En réalité, une grande partie de ces femmes ne se reconnaît pas dans l’image que dresse d’elles une certaine presse. Même si elles en côtoient des milliers d’autres qui passent par la case bistouri pour ressembler à des chanteuses ou des mannequins. Le Dr Ziad Sleiman, membre de la société libanaise de la chirurgie plastique, confirme : « Plusieurs veulent effectivement ressembler à des stars locales. En général, nous arrivons à les convaincre que cela est impossible. » Les demandes d’opérations varient selon les âges des patientes, précise-t-il. Les plus jeunes se concentrent sur la rhinoplastie (opération du nez), la liposuccion (enlèvement des points graisseux) et les implants mammaires. Les plus âgées sur le lifting ou le redressement des paupières. Les patientes demandent également des interventions non chirurgicales, comme les injections de botox et de collagène qui défroissent les rides.
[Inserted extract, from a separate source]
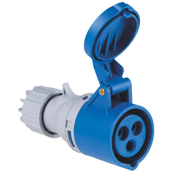 O design da tomada segue rigorosos padrões de segurança e compatibilidade, com a configuração 2P+T (2 polos e terra), que assegura uma conexão elétrica correta e livre de riscos. A peça é equipada com terminais de conexão que facilitam a instalação do cabeamento sem a necessidade de ferramentas complexas, economizando tempo e esforço. A cor azul e a posição do pino terra (6H) seguem as normas internacionais, o que simplifica a identificação da tensão e garante a compatibilidade com plugues de diferentes fabricantes.
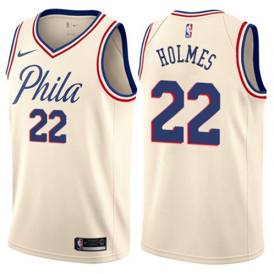 Home>NBA>Philadelphia 76ers>Richaun Holmes>Men's Nike Philadelphia 76ers #22 Richaun Holmes Swingman Cream NBA Jersey - City Edition

Depuis qu’il est revenu au Liban, au début des années 2000, le Dr Sleiman opère quasiment dix fois plus qu’à ses débuts. « La chirurgie esthétique est à la mode. Il est pourtant difficile de confirmer qu’une personne sur trois se fait opérer. Les opérations combinées sont de plus en plus fréquentes. Une même patiente veut refaire son nez, un lifting… » Le nombre d’opérations a certes augmenté depuis l’annonce par la First National Bank du lancement de son crédit de chirurgie bancaire. Entre 1 000 et 5 000 dollars sont proposés au public. Les candidats doivent avoir moins de 64 ans, être salariés ou travailler en libéral et toucher au moins 600 dollars par mois. Mais, fait étonnant, le Dr Sleiman n’a pas encore signé plusieurs dossiers de demandes de prêt bancaire, même si sa clientèle est issue de toutes les classes sociales.
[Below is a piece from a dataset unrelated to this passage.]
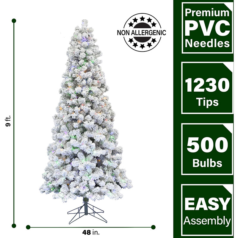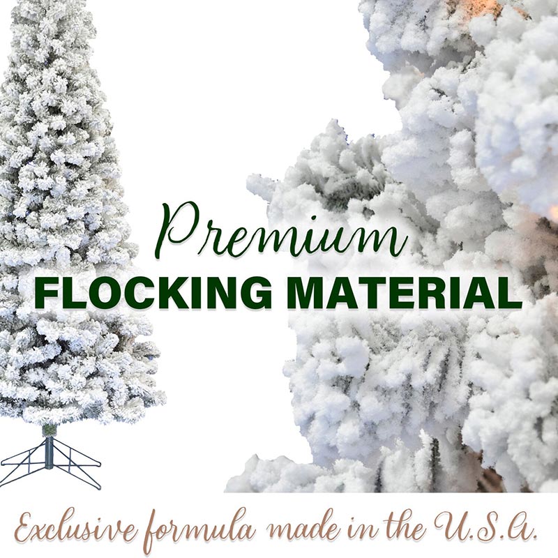 - NOT YOUR AVERAGE ARTIFICIAL TREE: 1230 heavy snow covered lifelike tips create the appearance of a natural cut tree. Our premium fade resistant flocking material is MADE IN THE USA.
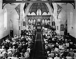 Following the devastating fire in February 1961 which destroyed the third church building and previous Memorial Organ, the new four-manual War Memorial Grand Organ, designed by the Organist of St Andrew's: Ian L. Thomas, was dedicated on Easter Day 1964 in the newly rebuilt ‘Cathedral of Light’. It has been played almost daily ever since for services, concerts, weddings, funerals, lessons and recordings.[4]

Les femmes viennent aussi de l’étranger pour bénéficier de ses services. « J’opère aussi des femmes arabes, chypriotes, occidentales. Ce qui attire les Européens, c’est la qualité de l’hospitalisation au Liban. Et les prix sont moins chers qu’en Europe si nous tenons compte de la parité euros-dollars. » Une rhinoplastie coûte plus de 2 500 euros en Europe. Elle est proposée à environ 2 000 dollars au Liban. Les prix sont également moins élevés lorsqu’on se fait opérer par des médecins non spécialisés en chirurgie plastique.
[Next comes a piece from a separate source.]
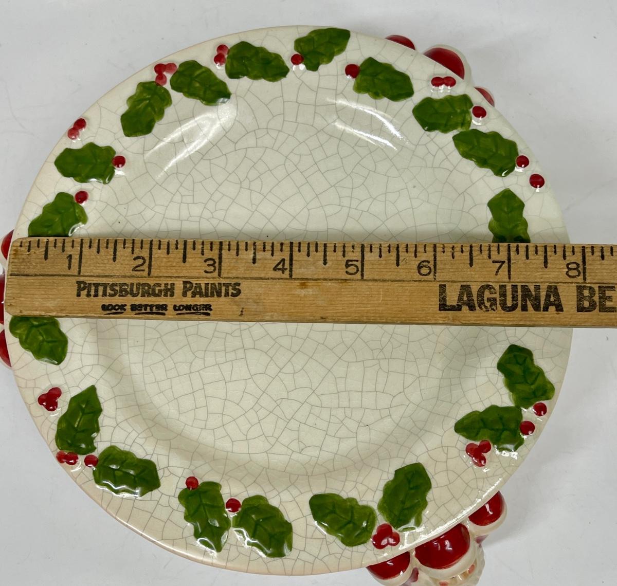 Approx. 8" across, lots of visible crazing on the plate surface. Good condition.

Au Liban, le médecin a le droit d’exercer hors de son domaine de spécialisation. Les chirurgiens plastiques se sont organisés en créant la Société libanaise de chirurgie plastique, regroupant actuellement quatre-vingts membres. Mais il lui est difficile de préserver la qualité des services, en particulier chez les praticiens non spécialisés. Des erreurs médicales sont souvent commises par ces derniers. Et de plus en plus d’esthéticiennes proposent d’injecter du botox au sein de leur centre de beauté, à des prix parfois très bas. Une banalisation de la chirurgie esthétique qui énerve certaines Libanaises, mais qui séduit de plus en plus les autres.